By Tom Perry
CAIRO, Sept 6 (Reuters) – Egypt’s army-backed government has decided to annul the Muslim Brotherhood’s legal registration within days, a newspaper said on Friday, pressing a crackdown on deposed President Mohamed Morsi’s movement.
While short of a formal ban, the move underlined the government’s determination to crush the Brotherhood. The authorities accuse the group that won five successive elections since 2011 of terrorism and inciting violence.
But so far they have failed to snuff out nationwide demonstrations demanding the reinstatement of Morsi, ousted by the army on July 3 after mass protests, or stem a rise in militancy, which culminated on Friday in an attempt to assassinate the interior minister in Cairo.

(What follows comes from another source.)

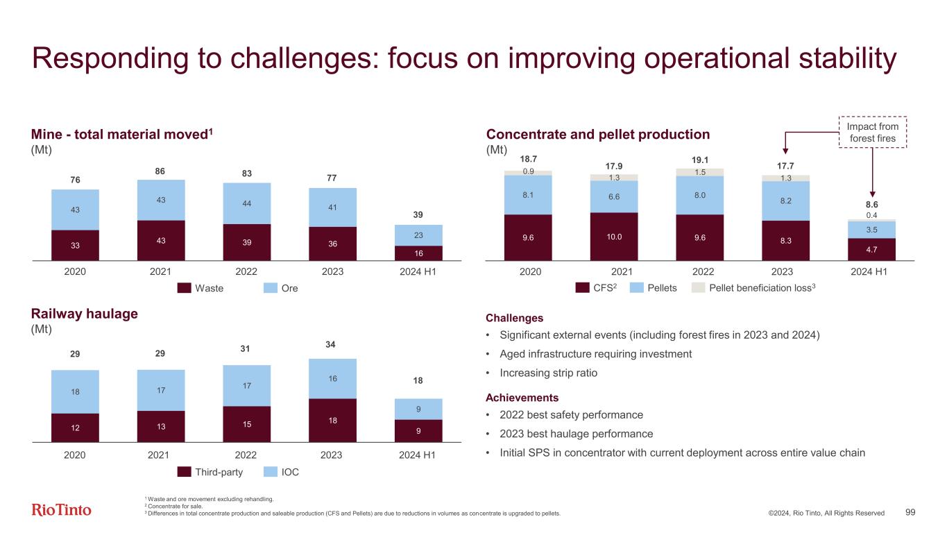 Concentrate and pellet production (Mt) 12 13 15 18 9 18 17 17 16 9 33 43 39 36 16 43 43 44 41 23 9.6 10.0 9.6 8.3 4.7 8.1 6.6 8.0 8.2 3.5 1.3 1.5 1.3 0.4 Responding to challenges: focus on improving operational stability CFS2 Pellets 18.7 17.9 19.1 17.7 8.6 Pellet beneficiation loss3 2020 2021 2022 2023 2024 H1 0.9 Waste Ore 76 86 83 77 39 2020 2021 2022 2023 2024 H1 29 29 31 34 18 2020 2021 2022 2023 2024 H1 1 Waste and ore movement excluding rehandling. 2 Concentrate for sale. 3 Differences in total concentrate production and saleable production (CFS and Pellets) are due to reductions in volumes as concentrate is upgraded to pellets. ©2024, Rio Tinto, All Rights Reserved 99 Mine - total material moved1 (Mt) Railway haulage (Mt) Third-party IOC Challenges • Significant external events (including forest fires in 2023 and 2024) • Aged infrastructure requiring investment • Increasing strip ratio Achievements • 2022 best safety performance • 2023 best haulage performance • Initial SPS in concentrator with current deployment across entire value chain Impact from forest fires

The Brotherhood, sworn to peaceful protest, condemned the attack but urged its supporters to fill the streets of Egypt’s towns and cities again on Friday, for the third time in eight days, to reject what it calls an army coup against democracy.
Authorities are pursuing the toughest crackdown in decades on the Brotherhood, Egypt’s biggest political grouping.
Since July, they have killed more than 900 of Morsi’s supporters and arrested most of the movement’s leaders, including Morsi, on charges of murder or inciting violence against anti-Brotherhood protesters.
The symbolic move to cancel its legal status applies to the non-governmental organisation registered by the Brotherhood in March as a defence against legal challenges.
The privately-owned Al-Shorouk newspaper said the decision would be taken within days, quoting Hany Mahana, spokesman for Social Solidarity Minister Ahmed el-Boraie.
The same official was quoted by the state-run Al-Akhbar newspaper as saying the decision had already been taken:
« The minister’s decision has in fact been issued but it will be announced at the start of next week in a press conference. »
Mahana could not be reached for comment, and a government official denied a decision had been taken.